Let us now dive into finding out how the workplace will change due to the disease. We acknowledge that not all changes will be permanent. And even some business operations will remain unchanged. But the overarching prediction is that of a general workplace that will never be the same again depending on the intensity of the disease. Some of the changes include the following.
1. Remote work
Working from home has now become the new normal. Even companies that previously were not adoptive of remote work will now be forced to change. By the end of the pandemic period, most companies will have tasted and enjoyed the fruit of the remote work. In fact, according to research conducted by Gallup 62% of American workers would prefer to continue working from home. Benefits for both the company and employee include the following;
Fewer provision costs for companies
Reduced employees' commuter costs
Healthier work environment
2. Video conferencing
Work from home will largely depend on video telecommunication.
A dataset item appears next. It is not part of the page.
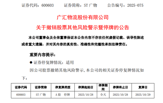 10月27日晚间,ST广物公告称,上海证券交易所已同意撤销公司股票其他风险警示,公司股票将于2025年10月28日停牌一天,自2025年10月29日起复牌交易,并撤销其他风险警示,股票简称由“ST广物”变更为“广汇物流”。
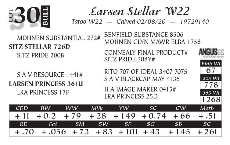 Please contact Larsen Ranch Angus after the sale to settle purchases!

The world has experienced an upsurge in the use of technology since the start of COVID-19. Zoom, Skype, Hangouts, and Webex are some of the leading providers of video telecommunication technology. Zoom alone reports its daily usage spiked to 200 million users from 10 million in December 2019. Here some of the benefits of using these apps in video conferencing.
Better business relations
More efficient meetings
Improved employee satisfaction
3. Increase in the use of robots
One of the new challenges in the workplace is the need for social distancing. With this requirement, workplaces will need to have fewer employees. And therein comes the need for automation. Of course, robots won’t require isolation and medical needs as do employees. The move will make most jobs redundant and only employees who will find new skills will survive the onslaught of the robots. Jobs executed by humans but which can be taken away by robots include repetitive administrative jobs, manufacturing processes, and supplies delivery which may be taken up by drones.
4. Home office allowances
While work from home is not a new feature, its use has not been widespread. And therefore not most employees have a robust home office. Some may have a computer and a few other gadgets to start off. But while that may help in the meanwhile, more investment may need to be channeled to establish efficient work from home offices. Such costs may be heavy for workers. That is why employers may need to step in for the necessary resources to kit their employees. The following companies have already started such programs;
Shopify is giving its employees $1000 stipend for office supplies
Twitter is reported to offer reimbursement to its employees’ vendors and contractors.
Lambda School is an online classroom that teaches tech skills for people to launch new careers. Austen Alfred, the CEO, promised to provide their employees with “medium-term rentals equipped with everything they need to work from anywhere”
5. Employer surveillance
With more employees working from home, employers will seek ways of monitoring their productivity. While the loss of privacy from this is debatable, without monitoring the workers may slow down the productivity. The employer may, therefore, need to institute some measures of surveillance. Some of the methods employers can use include the following;
Monitoring email volumes
Use of time tracking tools
Monitoring keystrokes to see how often you are away from the computer
Use of project management apps to manage tasks
Daily self-reporting to supervisors
As we have highlighted above, COVID-19 may irretrievably transform the office. While some changes may be immediate others will take some time. But the bottom line changes will happen at the workplace. This should be an indicator for companies to re-strategize and lay down new policies to accommodate the new normal workplace era. Because only the most versatile workers and employees will get through these challenging times.